_WHAT THIS TASK INVOLVES_. If a line below falls between the line with "餐廳採用暗黑型格設計,以黑、" and the line with "Držalo za lestev", or is one of those two, output it exactly; output nothing else and no pictures.

_RECORDS_.

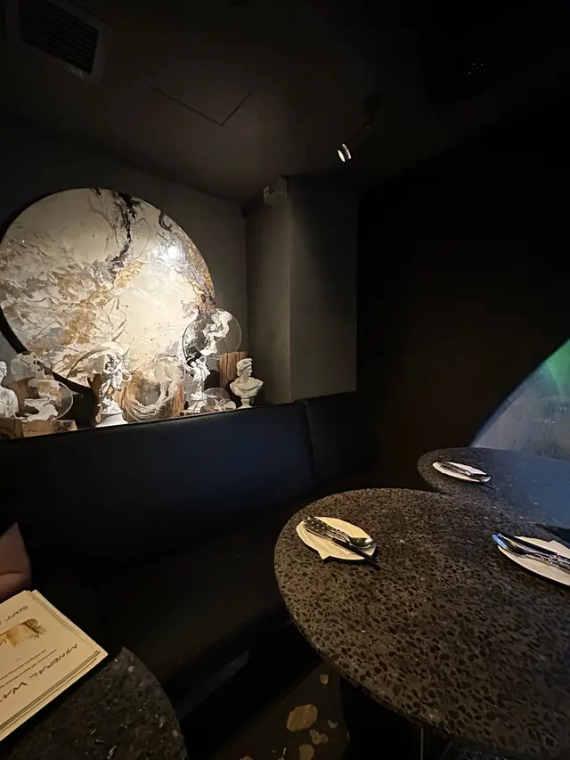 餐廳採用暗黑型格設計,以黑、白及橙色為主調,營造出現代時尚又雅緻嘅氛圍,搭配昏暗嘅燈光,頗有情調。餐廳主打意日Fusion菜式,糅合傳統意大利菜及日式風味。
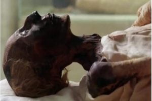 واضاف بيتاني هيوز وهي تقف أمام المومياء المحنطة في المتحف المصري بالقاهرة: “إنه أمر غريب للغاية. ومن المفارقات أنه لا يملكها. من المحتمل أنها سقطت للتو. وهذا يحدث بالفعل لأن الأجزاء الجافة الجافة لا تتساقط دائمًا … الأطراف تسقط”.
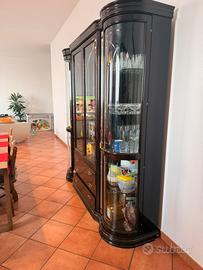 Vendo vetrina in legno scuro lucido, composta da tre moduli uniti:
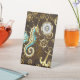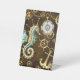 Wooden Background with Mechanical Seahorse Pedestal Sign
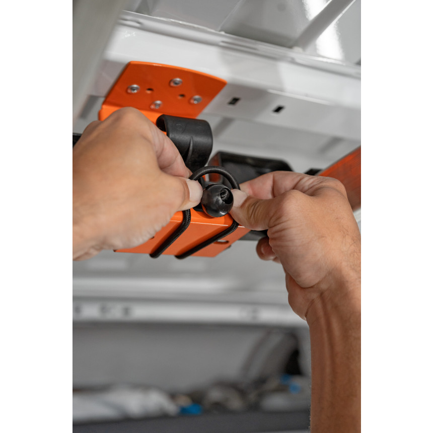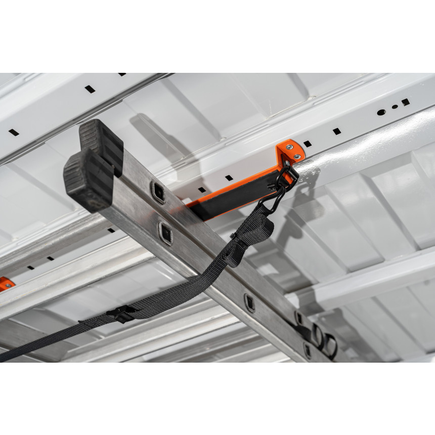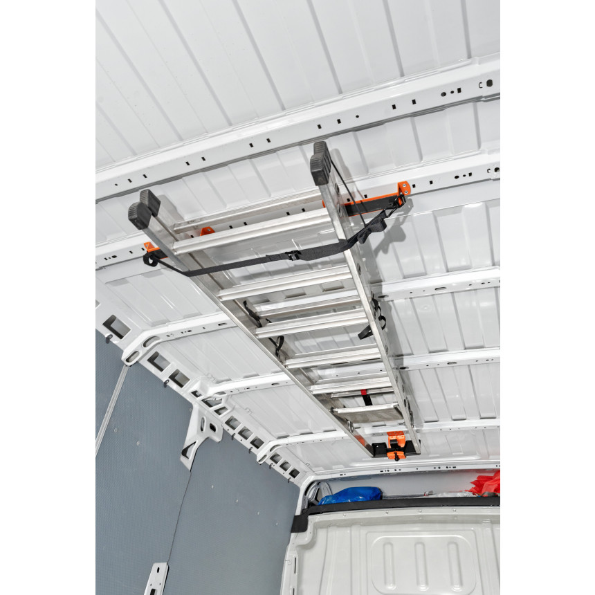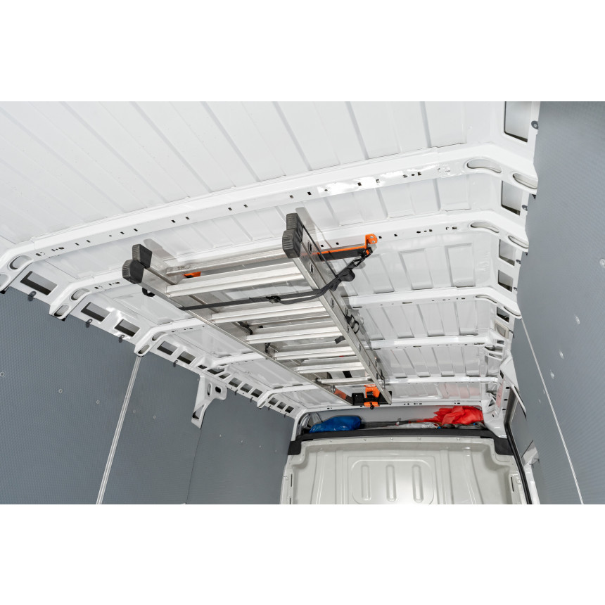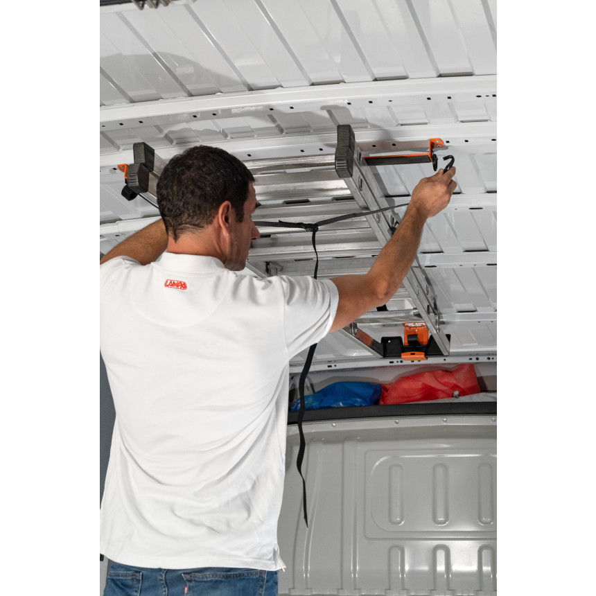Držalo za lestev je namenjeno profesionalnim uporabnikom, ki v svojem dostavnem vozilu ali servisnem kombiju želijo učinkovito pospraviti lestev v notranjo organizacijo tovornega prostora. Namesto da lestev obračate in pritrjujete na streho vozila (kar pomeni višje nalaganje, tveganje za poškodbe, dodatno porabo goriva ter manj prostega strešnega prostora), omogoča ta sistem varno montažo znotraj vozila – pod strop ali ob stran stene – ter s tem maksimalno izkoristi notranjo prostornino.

...

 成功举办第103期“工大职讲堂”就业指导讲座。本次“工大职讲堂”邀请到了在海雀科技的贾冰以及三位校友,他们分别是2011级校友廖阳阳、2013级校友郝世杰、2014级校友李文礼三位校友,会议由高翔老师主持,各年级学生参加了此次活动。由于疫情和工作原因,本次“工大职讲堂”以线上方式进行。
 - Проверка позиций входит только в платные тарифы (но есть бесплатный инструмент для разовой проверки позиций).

_ANSWER SPACE_.
 餐廳採用暗黑型格設計,以黑、白及橙色為主調,營造出現代時尚又雅緻嘅氛圍,搭配昏暗嘅燈光,頗有情調。餐廳主打意日Fusion菜式,糅合傳統意大利菜及日式風味。
 واضاف بيتاني هيوز وهي تقف أمام المومياء المحنطة في المتحف المصري بالقاهرة: “إنه أمر غريب للغاية. ومن المفارقات أنه لا يملكها. من المحتمل أنها سقطت للتو. وهذا يحدث بالفعل لأن الأجزاء الجافة الجافة لا تتساقط دائمًا … الأطراف تسقط”.
 Vendo vetrina in legno scuro lucido, composta da tre moduli uniti:
 Wooden Background with Mechanical Seahorse Pedestal Sign
Držalo za lestev je namenjeno profesionalnim uporabnikom, ki v svojem dostavnem vozilu ali servisnem kombiju želijo učinkovito pospraviti lestev v notranjo organizacijo tovornega prostora. Namesto da lestev obračate in pritrjujete na streho vozila (kar pomeni višje nalaganje, tveganje za poškodbe, dodatno porabo goriva ter manj prostega strešnega prostora), omogoča ta sistem varno montažo znotraj vozila – pod strop ali ob stran stene – ter s tem maksimalno izkoristi notranjo prostornino.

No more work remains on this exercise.